We’ve all encountered pupils who stare at test questions blankly despite having a gut feeling on what to do.

When pupils encounter a novel question on an exam, the very first emotions and thoughts they have might be something like this internal monologue:

What is this question?

Where do I begin?

How do I decode what this question is actually asking?

What topic/s could it be about?

Is it on something we are learning now or something covered some weeks/months/years ago?

Pupils acquire a personal methods toolbox after years of learning mathematics. And they need to learn which method to apply for what question. While this may seem straightforward to us, the value of explicitly articulating this process became apparent after listening to Mark McCourt on a podcast with Craig Barton (1:24:45 onwards).

We can guide our pupils by vocalising an acted out internal monologue, showcasing how an expert would approach the problem. Speaking aloud:

Hmm, OK so I see a right angled triangle.

Pythagoras’ Theorem related?

Trigonometry?

Or something else?

Two side lengths given, so itcouldbe Pythagoras?

Hang on, let me read the question again to confirm what it is actually asking for, usually the last sentence in the question.

Ah, it asks for an angle.

So, not a Pythagoras’ Theorem question then as that involves side lengths.

Most likely Trigonometry?

Let’s assume so and start this as a Trigonometry question.

I should label all the sides accordingly.

<Labels sides with s,o,h>

Two side lengths given (o and h) and you need to find the angle.

It is a Trigonometry question after all.

The side lengths are given so the inverse sine function will be involved…etc.”

But what if no immediate strategy is apparent at all?
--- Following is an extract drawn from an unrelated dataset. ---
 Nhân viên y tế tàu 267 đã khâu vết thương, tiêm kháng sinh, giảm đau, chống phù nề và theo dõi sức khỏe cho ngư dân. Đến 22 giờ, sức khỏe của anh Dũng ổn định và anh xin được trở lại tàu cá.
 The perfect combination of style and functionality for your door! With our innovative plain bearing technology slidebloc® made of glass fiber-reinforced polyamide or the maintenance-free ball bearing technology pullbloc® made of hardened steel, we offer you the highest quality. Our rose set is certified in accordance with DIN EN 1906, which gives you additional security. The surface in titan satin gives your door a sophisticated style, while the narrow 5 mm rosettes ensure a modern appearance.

Welcome to being a real mathematician! It happens to me with tutees sometimes when they drop a question. I role model how to start attacking a question by scribbling out *something*. Quite often that is re-writing some bits of the problem by sifting through information. Probing the question more with some guessed strategies, poking it with a stick (as Paul Lockhart would say). Some of these strategies will be abandoned later but that is ok because each attempt reveals something new about the problem. All of this is articulated live.

Pretending to be a novice when you are not one is initially challenging but it gets easier the more you do it.
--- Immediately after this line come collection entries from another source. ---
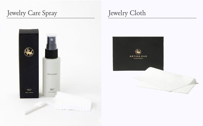大切なジュエリーをより美しく身に着け続けられるように、ケアグッズも2種ご用意。
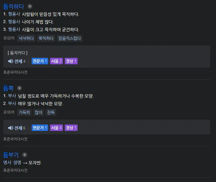 • 듬쑥하다: 방언으로 ‘과묵하다(寡默–)’의 방언(전남)이다.
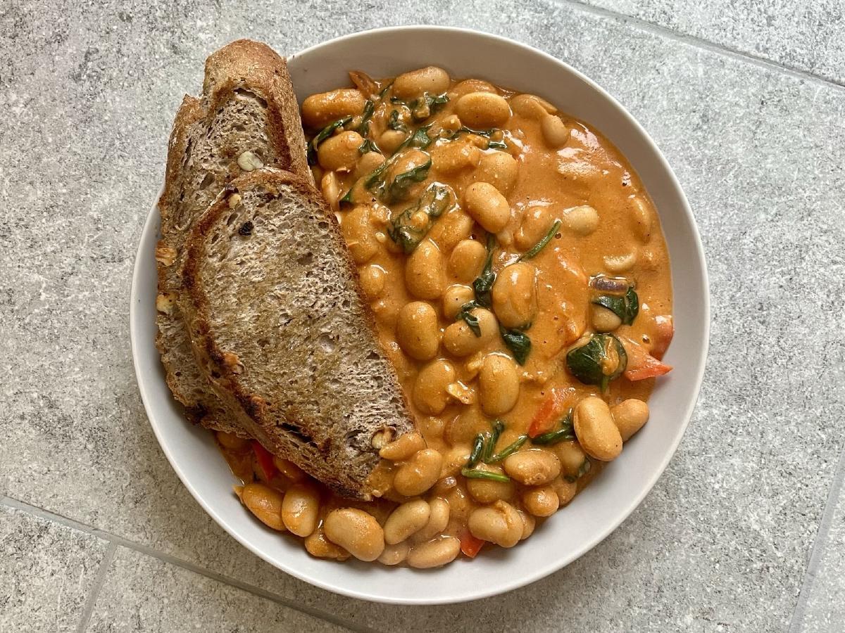 - Stir the cashew cream into the tomato and butter bean mixture, cooking for another 2-3 minutes until heated through. If using, add fresh spinach and cook until wilted.

Method selection is part of the “Practice” phase of the Teach-Do-Behave-Practice mastery cycle. It is crucial to differentiate it from the “Teach-Do” phase, which serves different objectives (building automaticity and fluency). Questions at that phase already have cue and recency. If I have just covered 5 questions on finding angles using the inverse sine function then of course the next question will be on that. There is no element of uncertainty in decoding the question from a mixed assortment of topic questions.

Platforms like Corbettmaths 5-a-day provide invaluable practice for pupils to continuously refine their method selection skills. And this practice leads to much better long term understanding.

Over the past five years, I’ve integrated this approach into my tutoring with great success. In forthcoming blog posts, I’ll share case studies in real-world cases.

Ultimately humans learn a lot through observation and mimicry, absorbing not just technical details but also the emotional nuances of problem-solving. By articulating our problem-solving processes and giving pupils a glimpse into ‘under the hood’ thinking, we help pupils hone their own method selection skills. Something they then have forever in their lives.